Preprocess — clean what you got, conservatively.

Self-supervised models were trained on dirty audio. Heavy denoising removes the grain they learned to read. Light, reversible, transparent — the rule.

The minimum recipe

Convert to mono if not already.
Bandpass 200 Hz to 8 kHz to drop low rumble and ultrasonic content.
Peak-normalize to about −3 dBFS (don't loudness-normalize).
If the noise floor is audibly present, apply light non-stationary denoise.
Save the original. Save your processed. Save the processing parameters.

Why peak, not loudness

Loudness normalization rescales each clip toward a target LUFS, which means a quiet companion call and a loud territorial caw arrive at the model at the same perceived level. Context-relative loudness encodes urgency and proximity — both signal-bearing. Peak-normalizing keeps the relationship intact while making sure no clip is too quiet to embed cleanly.

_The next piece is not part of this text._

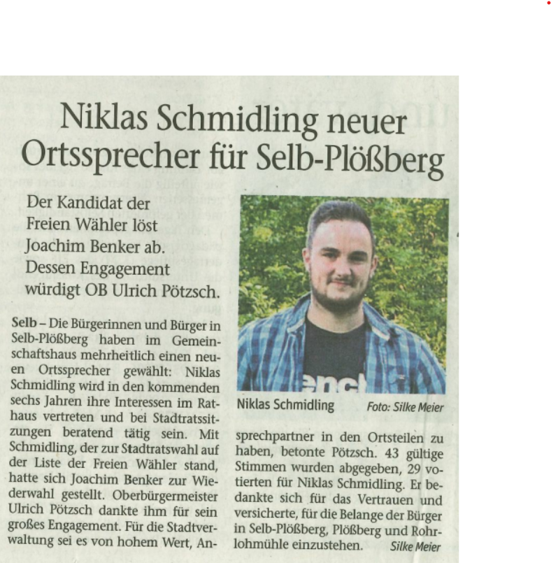 Jetzt haben auch die Freie Wähler Selb (FWS) Anspruch auf den Chefsessel im Rathaus der Porzellanstadt angemeldet: Niklas Schmidling hat am Donnerstagabend bei der Nominierungsversammlung im Vereinsheim der Waldfreund-Schützen im Ortsteil Reuth seine Kandidatur erklärt.

Denoise carefully or not at all

The noisereducelibrary's stationary mode assumes a uniform noise profile and will eat broadband transients like wing-rustle that may matter for context. Non-stationary mode with a low prop_decrease (around 0.6) is safer. If you can hear the call clearly without denoising, ship the call without denoising.

Resampling decisions

Most encoders want 16 or 32 kHz. Resample at embedding time, not at preprocessing time — keep the 48 kHz source and let the encoder do its own resample with its preferred filter. Otherwise your data has a resample fingerprint baked in.

pythonConservative cleanup — librosa + noisereduce

import librosa
import numpy as np
import noisereduce as nr

def preprocess(path, out):
    y, sr = librosa.load(path, sr=48_000, mono=True)
    # bandpass 200 Hz – 8 kHz via FFT mask
    Y = np.fft.rfft(y)
    freqs = np.fft.rfftfreq(len(y), 1 / sr)
    Y[(freqs < 200) | (freqs > 8_000)] = 0
    y = np.fft.irfft(Y)
    # light non-stationary denoise
    y = nr.reduce_noise(y=y, sr=sr, stationary=False, prop_decrease=0.6)
    # peak-normalize to -3 dBFS
    y = librosa.util.normalize(y) * 0.707
    librosa.output.write_wav(out, y, sr)